“You’d be so good together. I know you both think Aaron won’t like it—”

“Because he won’t,” I said. “Cole is his best friend.”

“I’m your best friend and he didn’t seem to care much about that.”

“Actually, I distinctly remember him repeatedly using me as a reason the two of you shouldn’t be together.” I gave her a pointed look and she narrowed her eyes at me.

“Oh hush. He just wants you to be happy, and if a certain star quarterback makes you happy then I don’t see what the problem is.”

“I can’t trust him.” It came out a murmured whisper.

“Sofe—”

“Just drop it, Poppy. I’m not in the mood.”

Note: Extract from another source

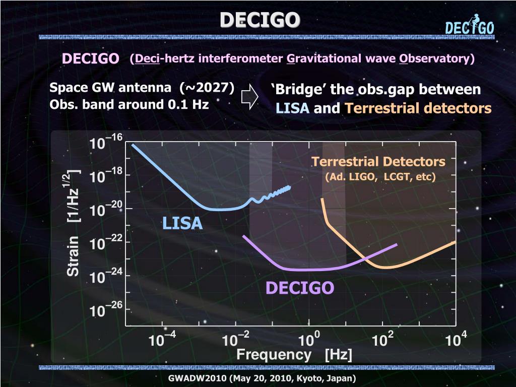 Space Gravitational-Wave Antenna DECIGO . Original Picture : Sora. Masaki Ando (Department of Physics , Kyoto University). Wataru Kokuyama (Department of Physics , University of Tokyo). On behalf of DECIGO working group. 1. DECIGO Overview and Science

I didn’t want to think about how I’d trusted Cole with the truth, and he’d betrayed me, ratting me out to my brother the first chance he got. Even if he maintained he only did it for my benefit, he’d still broken his promise. And now the truth was even more dangerous.

How could I ever trust Cole with this?

I couldn’t.

I wouldn’t.

No matter how good it had felt to be in his arms.

Even if I did lower my defenses long enough for him to infiltrate my heart, what was the point?

My life was about to get a whole lot complicated. If Dr. Google was correct, I had a future of chemotherapy and various cancer treatments to look forward to.

It was senior year.

Cole would run the other way when he realized what my future looked like, and I couldn’t blame him for that.

What eighteen-year-old guy wanted to spend their senior year standing beside their sick girlfriend?

I didn’t want that for him.

I didn’t want to be anyone’s burden.

It was bad enough that eventually I’d have to tell Aaron.

“I don’t care what you say, Sofe. Cole likes you; he always has.”

He did.

I didn’t doubt that.

But it wasn’t enough to withstand the storm blowing my way.

And I didn’t intend on dragging him into the trail of devastation it would no doubt leave in its wake.

* * *

I slept all day.

I didn’t know if it was the hangover, exhaustion, or a bad case of the morning after blues, but I slept through lunch and dinner, and by the time Mom managed to wake me, it was almost seven thirty.

“How do you feel?”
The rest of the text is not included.